I also say Lugos for Curly Hair. I get the French Refined. It doesn't shed or anything and you don't even have to seal the wefts. 8 oz will cost you around 180 and you can reuse the hair. I've died this hair and still had no problems with shedding tangling or drying. Best Curly hair by far.


----------



## Jenibo (Oct 6, 2009)

DO NOT USE MODEL MODEL!!!


----------



## missjanelleb (Oct 7, 2009)

..................................


----------



## yardyspice (Jan 5, 2010)

Don't use Milky Way! That mess tangled on a WIG!!


----------



## ZkittyKurls (Mar 18, 2010)

I have used aamh kinky curly and i love it. i just bought some rho afro kinky curly and it is very nice, it will match my 4a hair perfectly. it is a bit pricey though.


----------



## moriahar (Apr 13, 2010)

Any new input?


----------



## lilsparkle825 (May 15, 2010)

bumping....


----------



## loulou82 (May 15, 2010)

I'm 6 months in on my batch of AAMH Kinky Curly (two installs so far). Not bad at all but I suggest sealing the wefts.


----------



## Boujoichic (May 16, 2010)

I currently have in the Bohyme Brazilian 2 packs of 20" because I like big hair most people just install 1 pack. I do have to condition it regularly but Im sure my naturl hair is benefitting from the cowashes. My natural hair is 3c/4a Im transitioning and have about 11 mos growth my hair blends pretty well with the Bobraz. I love the look of the hair and cant wait till my natural hair is this long. Keep in mind with any kinky curly hair the hair is processed and so does get dry and requires regular moisturizing this is not unusual and just comes with the territory. By the way I frequent the weaves board at Bhm and have heard horror stories about Lugo's hair just FYI.


----------



## lilsparkle825 (May 28, 2010)

i bought the bobraz, one pack in 14". we shall see how this goes. i'm pretty well armed with information on how to curb shedding and keep it moisturized, and so far it seems to be a good match for my hair.

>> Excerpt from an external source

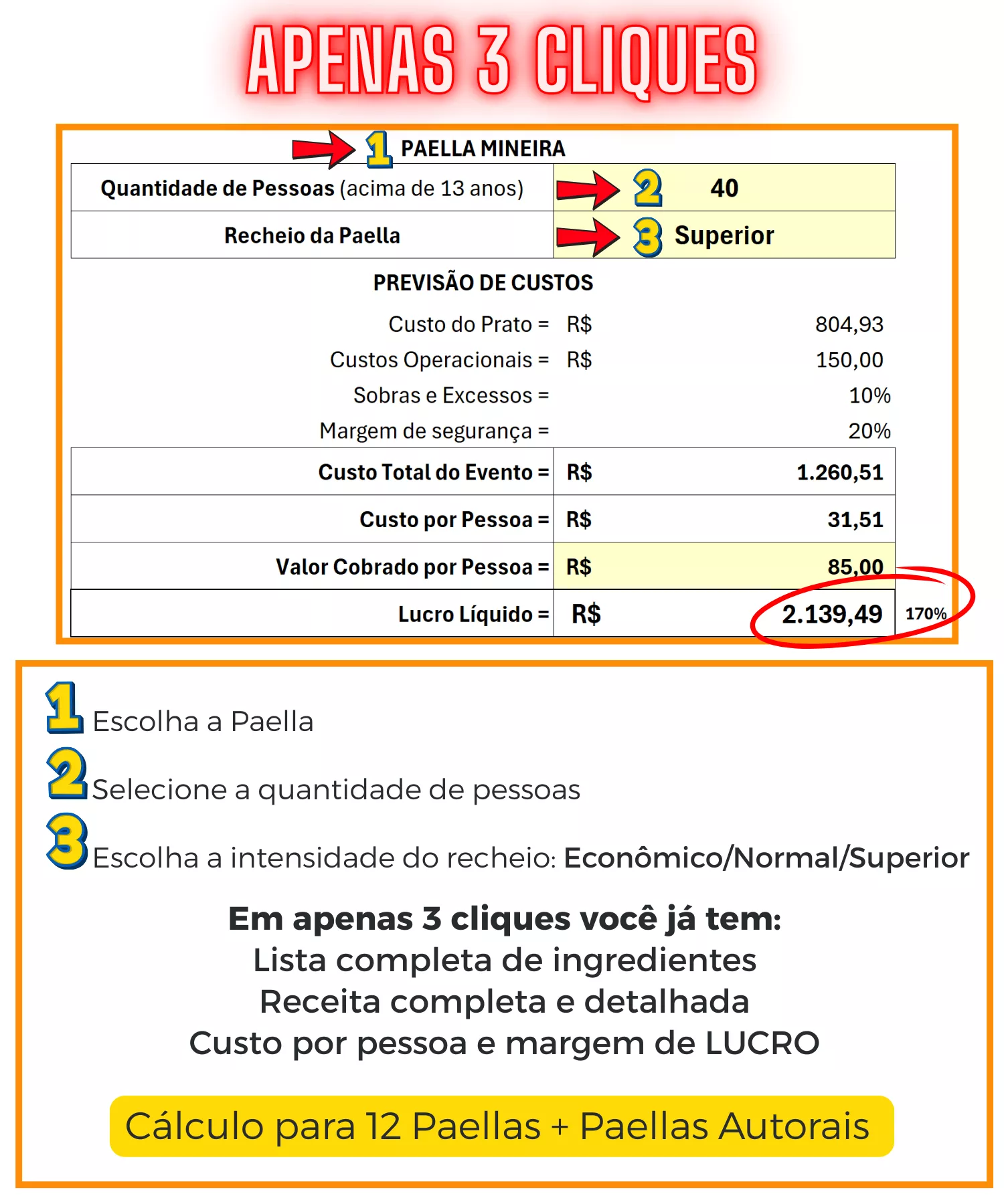 - Exclusiva planilha eletrônica que calcula automaticamente o quantitativo, os custos, os lucros e a precificação da paella de acordo com a quantidade de pessoas. FÁCIL E RÁPIDO

boy have i learned a lot about curly hair since my first post....


----------



## Sade' (Jul 9, 2010)

I like the texture of AAMH Kinky Curly for 4A hair.


----------



## Chanteuse (Aug 2, 2010)

Wagmans naturally curly is beautiful hair.  I wore it for three installs - approx 12 weeks each and the hair is still beautiful.  It straightens easily and the curl is gorgeous.  Loved it!!


----------



## brownbean96 (Aug 20, 2010)

I curently have in AAMH, while I luv the texture of sheds and tangles like crazy. I've hears of Lugo's. Does anyone know the address or the website. I need to find am alternative to AAMH.


----------